Fwd: Re: New attribute for GLUE 2.1: StorageShare.ViewID

Hi all, Sorry, my email client decided to sent the reply directly to Maria, so I'm forwarding it here. -------- Forwarded Message -------- Hi Maria, I started off replying generally, rather than point-for-point, but have included some specific points where it makes sense. Yes, dCache instances would move to GLUE 2.1 info-providers, but I would hope to do that anyway.
Do you mean SRM shares could overlap with Physical Shares or do you mean that SRM shares overlap among themselves and the same with Physical Shares?
I mean that, for dCache: a. an SRM share do not overlap with any other SRM share. b. a Physical share do not overlap with any other physical share. c. a Physical share may overlap with a SRM share. Statement b. isn't completely true currently (as expressed by the SharingID), but I aim to fix that soon.
In any case, if only Physical Shares are intended to be used for installed capacity, this should be the ones used by sites who may want to rely on the BDII for installed capacities, right?
Yes, that's exactly right! The problem is GLUE 2.0 has no way for me to say "these shares are different from those ones", or "these shares are the ones to use for storage accounting". The ViewID is aimed exactly at fixing this: I give all the physical shares the same ViewID ("physical" say) and all the SRM shares the same ViewID ("srm-reservations", say) and then it's easy to select the Physical shares.

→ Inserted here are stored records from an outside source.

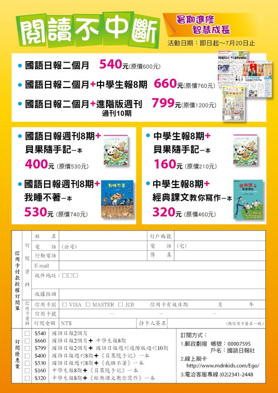 國語日報-105年暑假「閱讀不中斷」優惠訂閱專案一案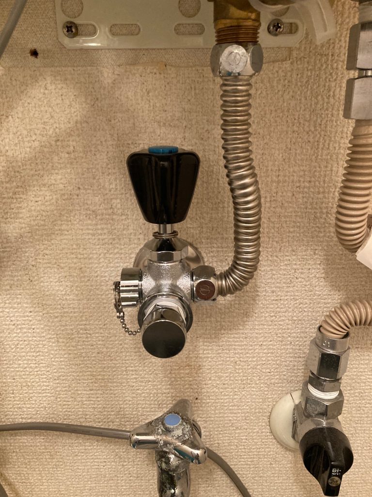 水漏れ箇所を確認すると、その分岐する部品の使用されていない経路のプラグからの水漏れでした。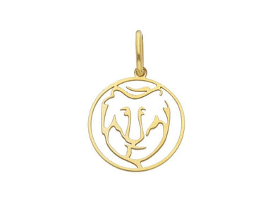 18k yellow gold zodiac sign round small 15mm flat pendant, zodiacal, leo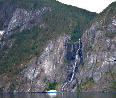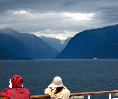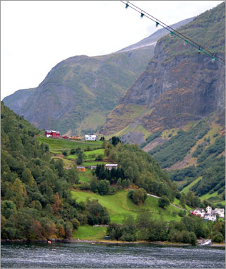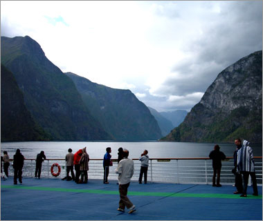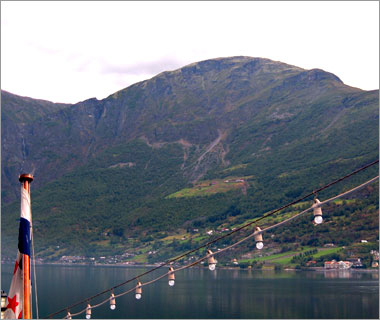 翌日はまた船に乗って、最も長い「ソグネ・フィヨルド」を見に行く。写真は出港したところ。 |
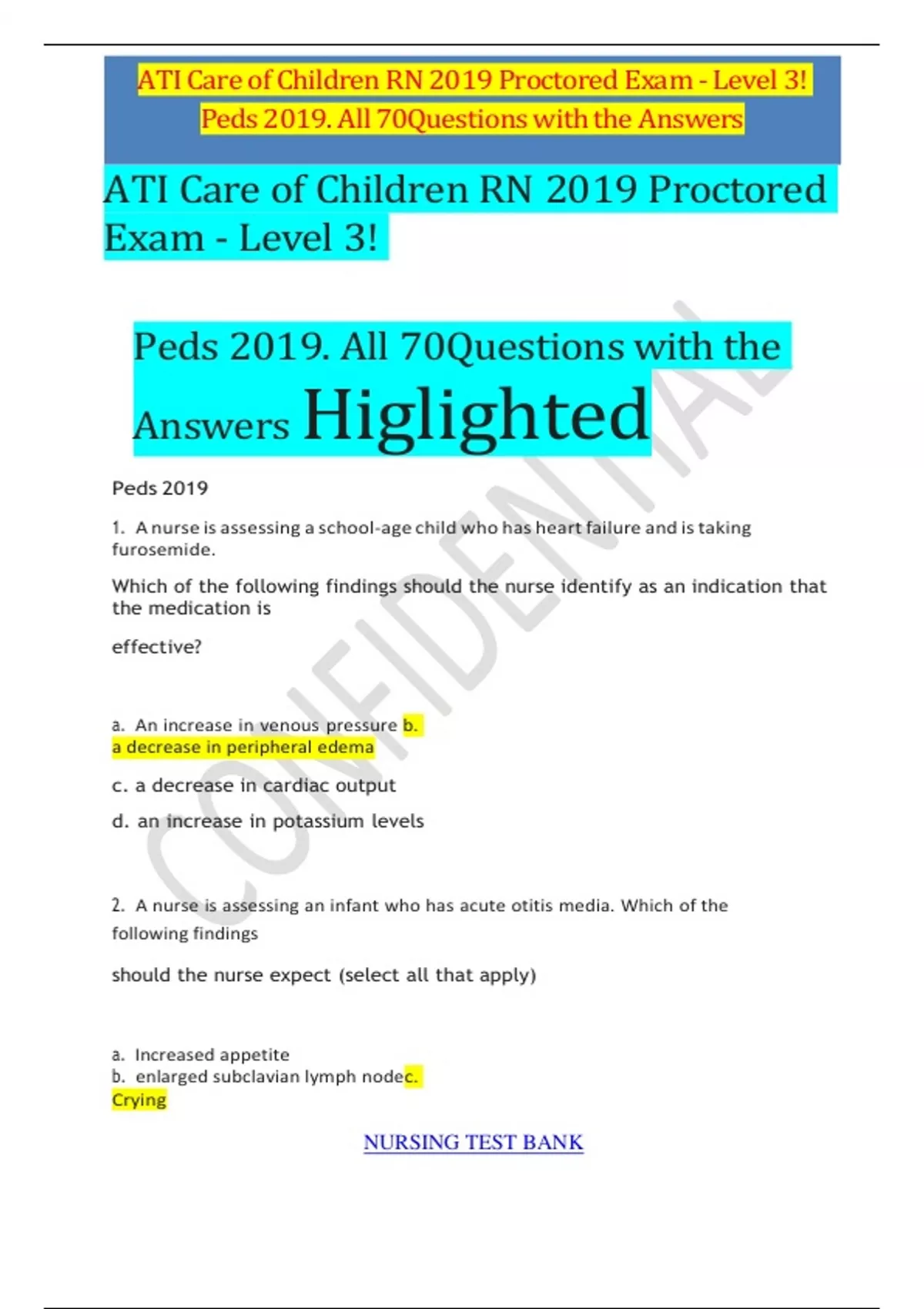 ATI Care of Children RN 2019 Proctored Exam – Level 3 / Peds 2019 All 70 Questions with the Answers Highlighted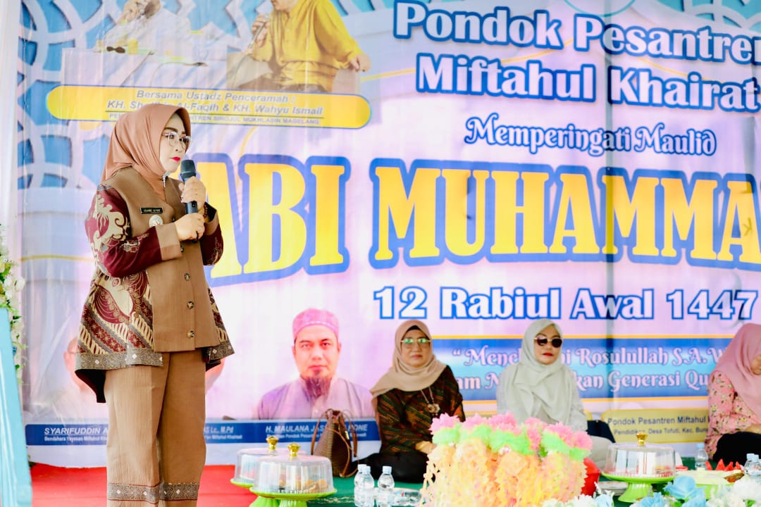 MOROWALI, Brita.id – Wakil Bupati Morowali, Iriane Iliyas, menghadiri peringatan Maulid Nabi Muhammad SAW sekaligus wisuda tahfidz Al-Qur’an di Pondok Pesantren Miftahul Khairat, Kecamatan Bungku Tengah, pada Kamis (25/9/2025).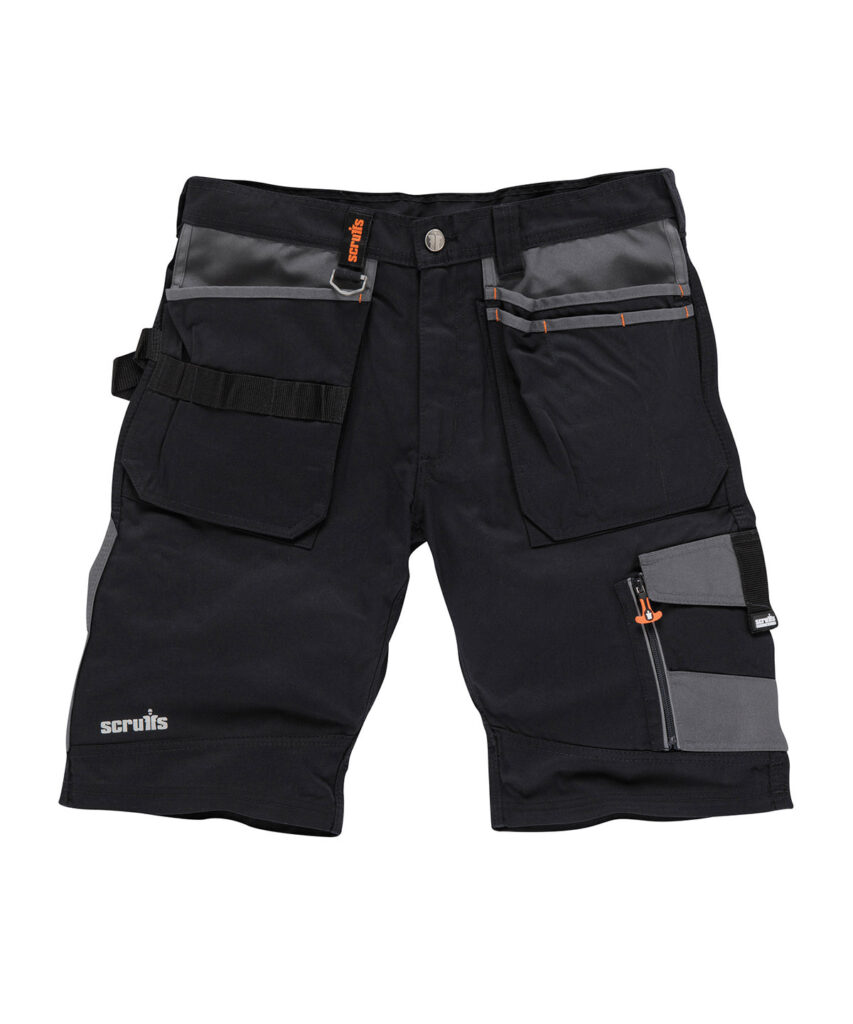 Hard-wearing work shorts designed for lasting comfort. Regular fit for classic look. Lightweight twill fabric with heavy-duty canvas pocket reinforcements and triple-stitched seams for durability. Features cargo pocket, rule pocket, mobile phone socket and secure zipped pocket. Hammer loop, tool loops and D-ring for transporting tools and accessories while on the job. YKK zipped fly. Certified Sedex.

What is then published in GLUE2StorageServiceCapacity? The total of Physical Shares?
Yes.
But who has asked for this? My understanding is that nobody is interested on relying on the BDII for this.
I had to smile inwardly here ... Yes, there was an effort, starting around five years ago, in precisely this direction: https://twiki.cern.ch/twiki/pub/LCG/WLCGCommonComputingReadinessChallenges/W... "The goal of this document is to detail how to use the Glue Schema version 1.3 in order to publish information to provide the WLCG management with a view of the total installed capacity and resource usage by the VOs at sites. This information can also be used by VO operations and management in order to monitor the VO usage of the resource" Myself (and others) invested considerable time in trying to provide these numbers with GLUE 1.3. GLUE 2.0 was developed with this use-case in mind, albeit (from memory) not extensively reviewed.

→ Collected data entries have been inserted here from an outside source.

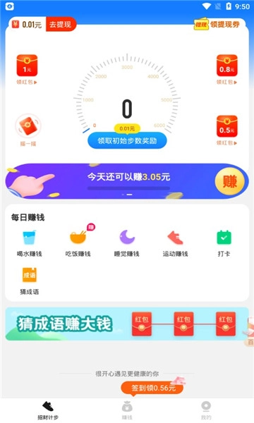 招财计步红包版让每位用户都能从日常行走中获得价值。无论是在通勤途中还是闲暇散步,只要开启手机的走路赚钱功能,就能轻松获取收益,步数越多,奖励越丰厚;除此之外,完成签到、喝水提醒、睡眠打卡等日常小任务也能带来额外收入。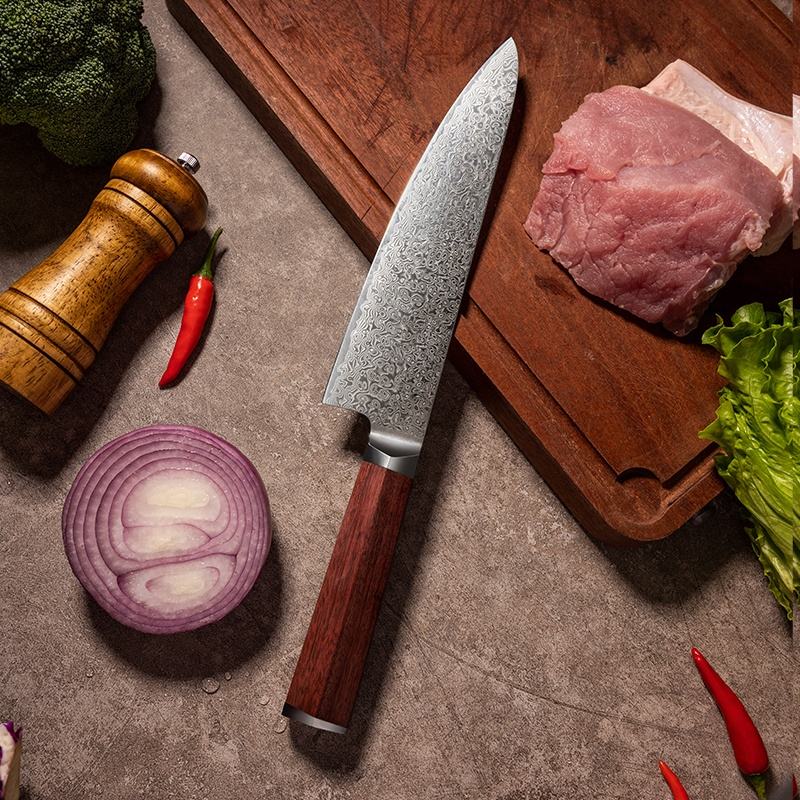 Couteau de cuisine personnalisé Damast VG10 Couteau de chef Couteaux damas vierges avec manche en bois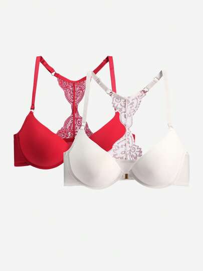 2pcs Contrast Lace Underwire Bra - Multicolor - View 1

[...] I´m not sure is a use case we would like to address.
It seems at least one site wishes to make use of these numbers and to automate the process. I don't think we should give up, just because the problem isn't solved yet.
I made a comparison in February between WLCG Accounting reports and what the BDII and REBUS were publishing in terms of installed capacities. And I think there was no single match for any T1:
http://wlcg-mon.cern.ch/dashboard/request.py/siteview#currentView=WLCG+Accou... I believe there are many factors influencing such dependencies; however, this would suggest a need for more automation, not less. Such dependencies should be investigated and understood. Yes, more work is needed, investigations, etc; however, we have to start somewhere, so I gave a concrete proposal so people have something they can understand: a straw-man they can hack away at. Cheers, Paul.

Dear Paul,
In any case, if only Physical Shares are intended to be used for installed capacity, this should be the ones used by sites who may want to rely on the BDII for installed capacities, right?

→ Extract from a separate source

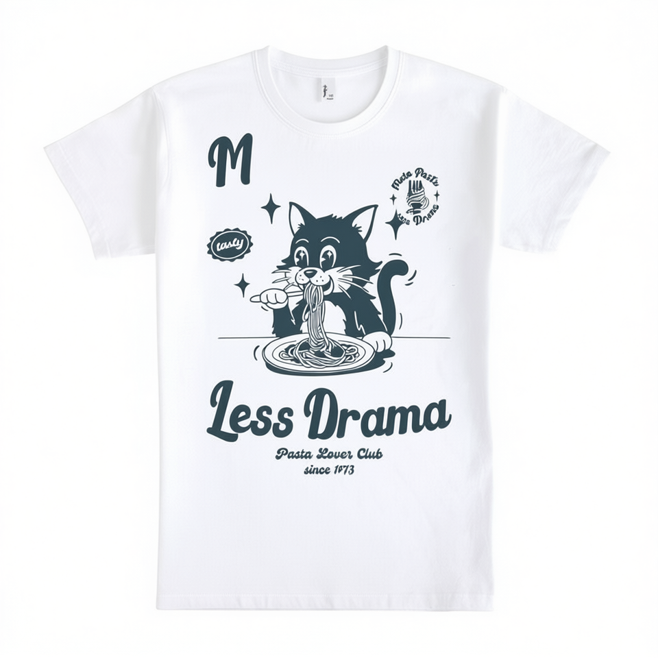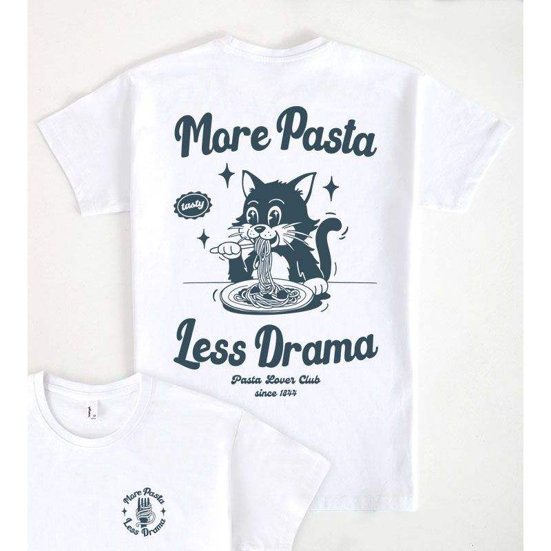 Maglietta More Pasta Less Drama bianca unisex per adulti taglia SMLXLXXL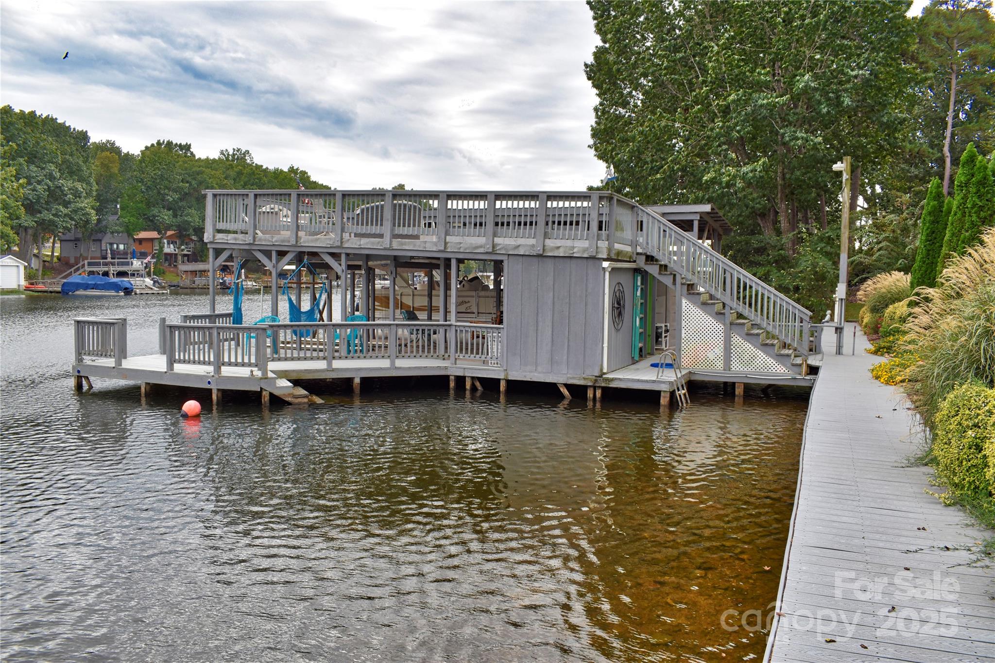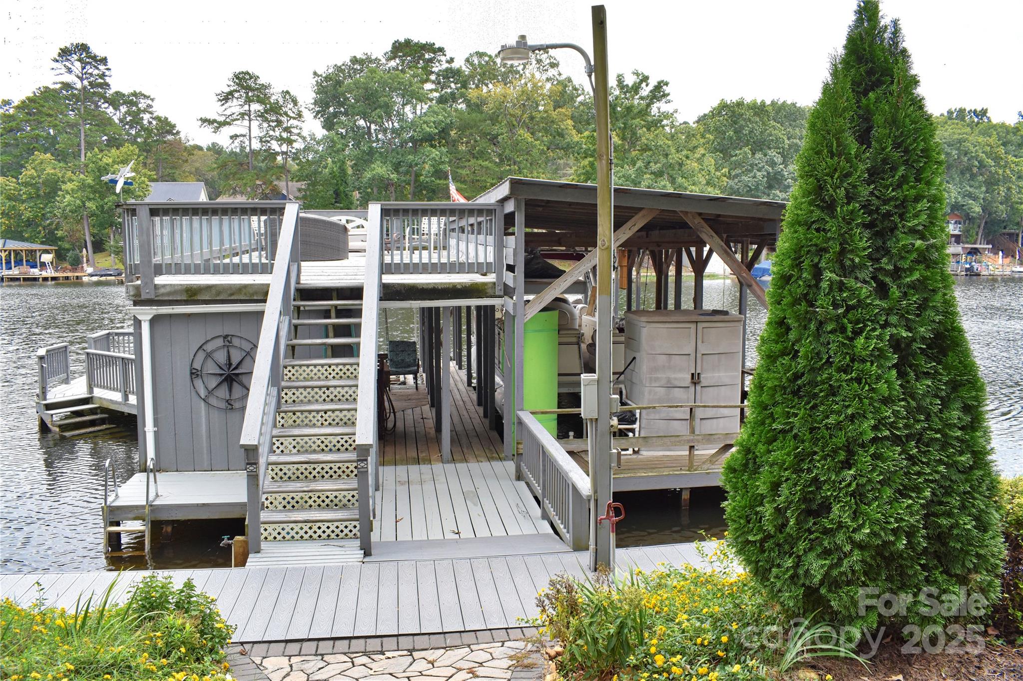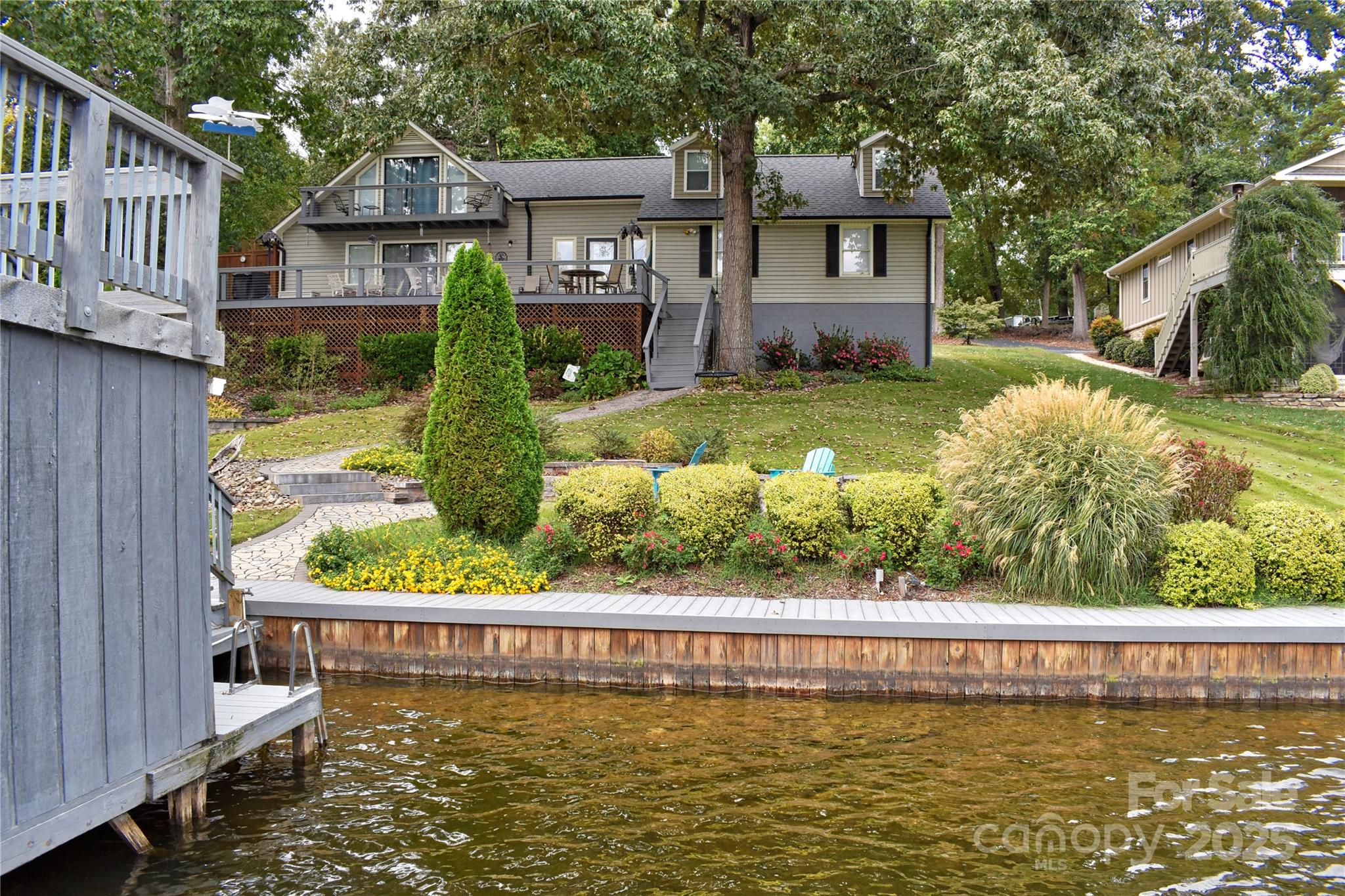 This waterfront home is located off Badin Lake's main channel. Near the mouth of a desirable deep-water cove between Sunrise Point & Dixie Shores. Large .55 acre lot in the peaceful little Sunrise Point area (Lot #1). Recently remodeled home. The main level features a kitchen, living room & dining room with fantastic views. Open kitchen & living area. Granite counter tops. Large lakeview deck & grilling area. Fully shaded deck makes it perfect for families during the hot summers. Cape Cod outdoor shower. Laundry on main. The upper level features 2 bedrooms, a lakefront balcony, game room & office. Huge stationary pier with covered boat slip & heavy lift, 2 covered jet ski slips & grandfathered upper sundeck. Ideal for swimming & fishing, away from heavy boat traffic. Main channel views. Plenty of shaded area under the pier sundeck for relaxing with the steady breeze that comes through the cove regularly. Seawall that spans the 113 feet of waterfrontage. Fully manicured front lawn with Zoysia grass, stone walkways & large stone walls with lakeside fire pit in front. Stone walls with large planter beds in the rear with fruit trees & Crepe Myrtles throughout. Some furniture negotiable. Pontoon boat negotiable-ask listing office for details. County water & sewer. Circular asphalt driveway; plenty of parking. Paved, public Whip O Will Wildlife boat landing within the neighborhood. Convenient to the lake’s marinas that provide dining, gas & watercraft rentals. The Uwharrie National Forest 5 minutes away is a great destination for camping, hiking, horseback riding & ATV/OHV trails. Within 1 hour from Charlotte, Greensboro or Winston-Salem.

Yes, that's exactly right!
OK, so why do you need the ViewID? Just tell the site interested in using the BDII to calculate installed capacities to use the Physical Shares. As you say, Physical shares do not publish the Tag attribute, so it's easy to know which ones they are.
The problem is GLUE 2.0 has no way for me to say "these shares are different from those ones", or "these shares are the ones to use for storage accounting".
Well, as I said before, Physical Shares are the ones to be used for the installed capacity and there is a way to know whether a share is SRM or Physical. So where is the problem?
I had to smile inwardly here ... Yes, there was an effort, starting around five years ago, in precisely this direction:
https://twiki.cern.ch/twiki/pub/LCG/WLCGCommonComputingReadinessChallen ges/WLCG_GlueSchemaUsage-1.8.pdf
That document is for GLUE 1.3. We don't have something similar for GLUE 2.0. And I can tell you WLCG is not interested in getting installed capacities correctly published in the BDII. They have given up and they have the REBUS interface instead.
It seems at least one site wishes to make use of these numbers and to automate the process. I don't think we should give up, just because the problem isn't solved yet.
I wouldn't introduce this change in the schema only because one site has asked for it. Moreover, and after your answer to Stephan (which by the way it's a bit confusing) there are ways for that site to calculate the installed capacity using the current attributes. Regards, Maria

Hi Maria, On 26/09/14 14:27, Maria Alandes Pradillo wrote:
As you say, Physical shares do not publish the Tag attribute, so it's easy to know which ones they are.
It doesn't say that in the GLUE 2.0. It says "An identifier defined by a User Domain which identifies a Share with a specific set of properties." There's nothing written *anywhere* that says only shares without a Tag should be used for accounting. Also, introducing such a rule could break the existing info-providers: what about DPM and StoRM? The point is: yes, I can publish something in dCache info-provider that allows a client to get the right answer, but either the client needs to know some dCache-special thing, or the solution is fragile and will break in the future. What I want (and what you said you wanted) was all storage systems to be handled in the same way.
That document is for GLUE 1.3. We don't have something similar for GLUE 2.0.
True, we hoped it wouldn't be necessary to have a special document for GLUE 2.0 as GLUE 2.0 should handle this use-case without profiling.
And I can tell you WLCG is not interested in getting installed capacities correctly published in the BDII. They have given up and they have the REBUS interface instead.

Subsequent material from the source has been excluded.